Baptism by Fire
On the one-week anniversary of joining the team, I started volunteering myself to do case escalations from clients that needed network configurations done. I joined the official case-duty rotation in my third week on the team as a result of a switch with my mentor. And last week, four months after my inaguration, I took on the responsibility for the entire network as primary in the on-call rotation.
Insane ? Probably a little. There have been times where I have felt that I have truly bitten off more than I can chew. In my third week, I was horrendously stressed out at my mounting case queue and the difficulty in prioritizing all my tasks. Although my boss said that primary on-call is not expected until at least six months in, I felt like I was up to the challenge, due mostly to the fact that the team is always available for backup if needed. I was hoping that it would be a slow acclimation.
Little did I know.
Last week, I made the leap, and attached the duty pager to my hip. It turned out to be one of the busiest weeks that this group has seen in a very long time.
My first primary day was relatively easy. There was one high-priority outage, however the fix was a simple hardware swap that took me less than two hours to troubleshoot and execute. "This isn't too bad," I thought to myself. How wrong I was.
My second, and final, primary day on this week's rotation was Thursday. That night, I was absolutely ready for any escalation that may come my way. I placed the pager by the bed, and was prepared to jump up and assist if it went off.
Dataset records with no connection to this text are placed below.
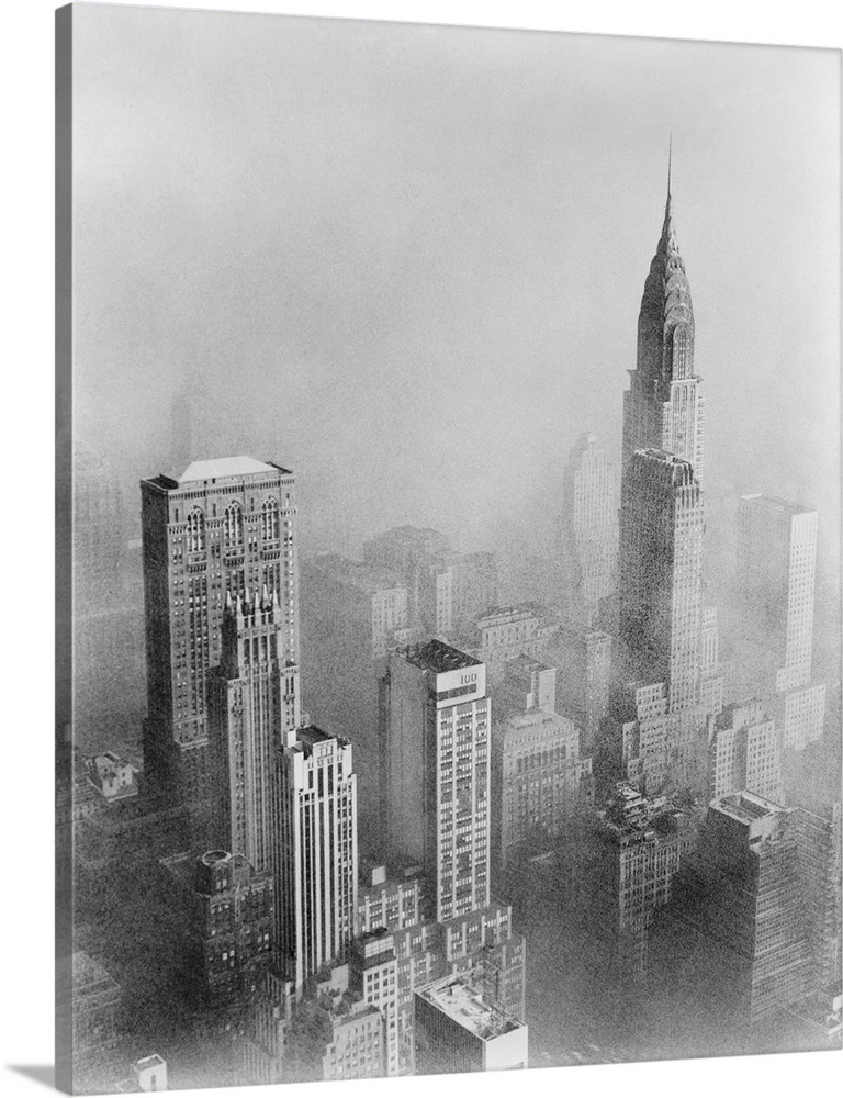 <p>Smog and New York skyscrapers, 1950s. Smog obscuring the view of the Chrysler Building (right) from the Empire State Building, New York City, USA. The Chrysler Building (1930, 319 metres) was the world's tallest building for 11 months before being surpassed by the Empire State Building (1931, 443 metres). Photographed on 20 November 1953 by Walter Albertin.</p>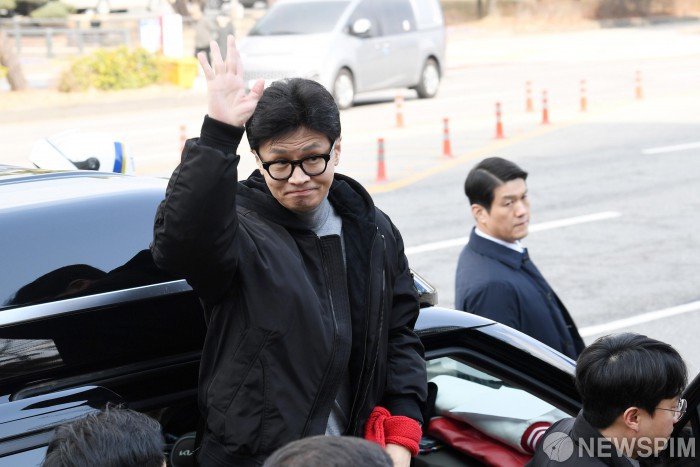 [수원=뉴스핌] 윤창빈 기자 = 한동훈 국민의힘 비상대책위원장이 7일 경기 수원 영통구청사거리에서 인사를 하고 있다. 2024.03.07 pangbin@newspim.com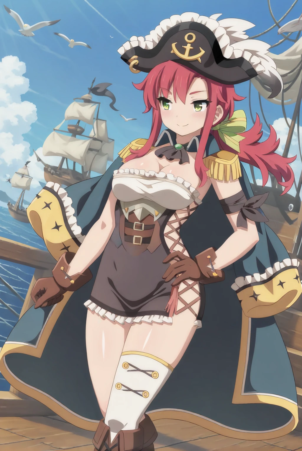 Outfit: unworn_jacket, pirate, pirate hat, cleavage, single thighhigh, boots, brown gloves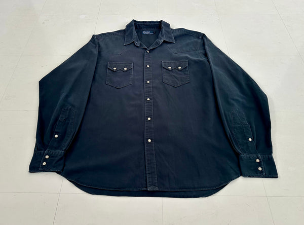 90s ポロラルフローレン コットン ウエスタン L/SシャツXL ブラック
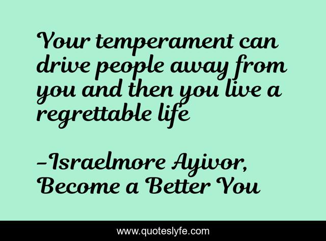 This page presents the quote "Your temperament can drive people away from you and then you live a regrettable life". Author of this quote is Israelmore Ayivor, Become a Better You. This quote is about living, food-for-thought, regret, better-you, successful, angry, companions, israelmore-ayivor, life,.

As luck would have it, I had a wonderful, peaceful night that was completely uninterrupted. I should have taken that as a sign.
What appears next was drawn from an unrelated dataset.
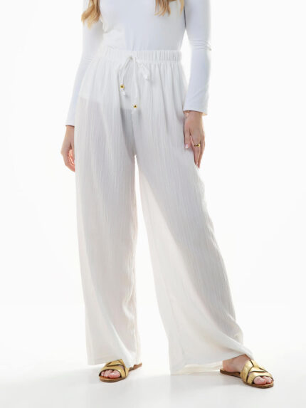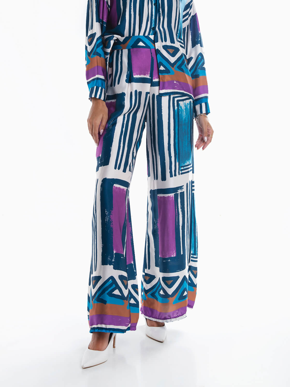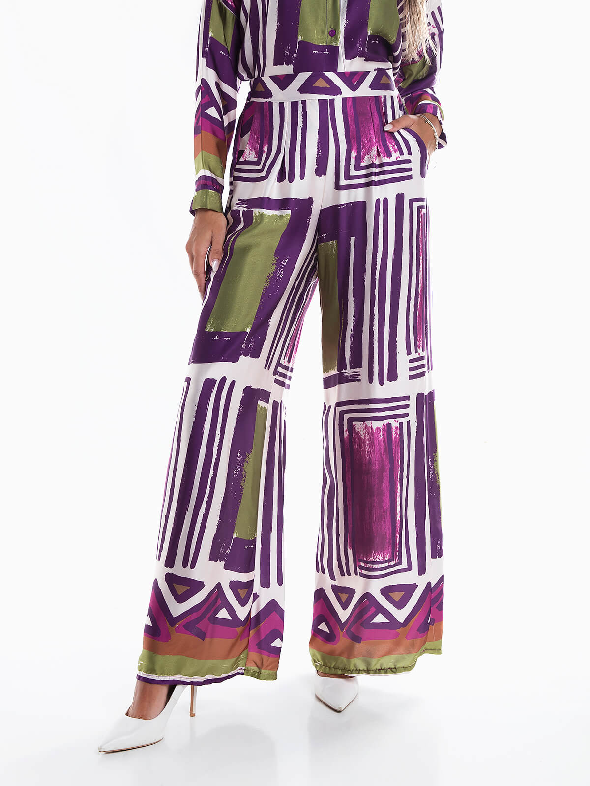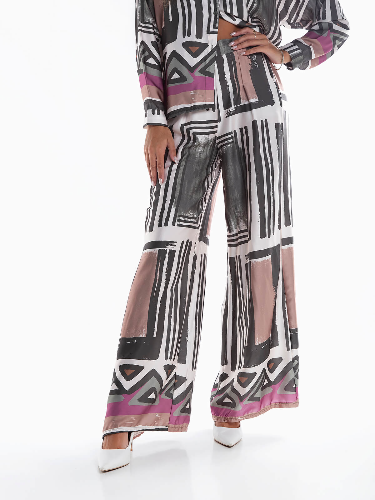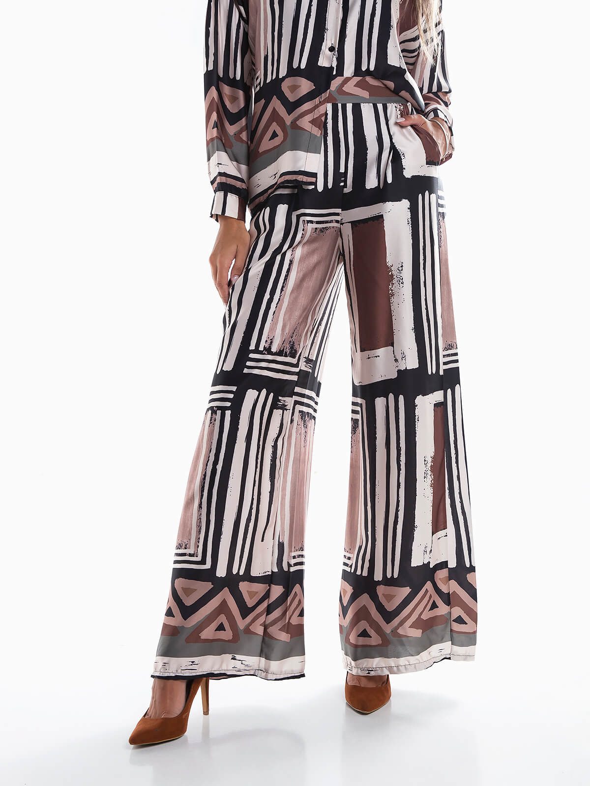 Calças fluídas acentinadas com estampado abstrato. Calças de cintura alta elástica com 2 bolsos.

I almost made it to the 10:00am cutoff time for the next person to come on duty.
At 9:55am sharp, the pager sounded for an outage at a remote office. "Damnit," I thought, "Just my luck. Couldn't it have waited 5 minutes ?" I called into the conference bridge and set out to find the elusive source of the problem.
Several hours and many client contacts later, I had finally isolated the source and mitigated the outage. But I still could not rest, or even think about grabbing something to eat for lunch, as there was another high-priority incident that I was called into as backup. I went down to the server room to assist in the emergency fiber upgrade.
At 3:30pm, I finally managed to take some time to eat. I was so famished that my hands were shaking, and I was experiencing the typical low-blood-sugar headache. One batch of leftovers and an Advil later, and I was finally ready to sit back down at my desk.
Just as I had done so, a call came in from my teammate. "One of our gateways in building X is down. You're the only one in the office right now, and we need you to go over there and help us with it." Off I went to help douse the next fire.
My day had started at 8:30 that morning.
It didn't end until 10:30 that night.
At least we get extra on-call pay. That is what makes it all worthwhile.
Unfortunately I have developed the most annoying, irritating twitch in my eye as a result of this day from hell. It has been 4 days already, with no sign of relief. Pressing on it doesn't help, either. Hopefully it will go away soon.
My mentor told me recently that he believes in "Baptism by Fire". Throw you in there, see how you do, and always be ready with a life raft to help if you need it. I was skeptical, because that is a scary proposition for someone who is still relatively new to the team.
And now, after last week, I have become a believer myself.
Baptism by Fire. It's the only way to fly.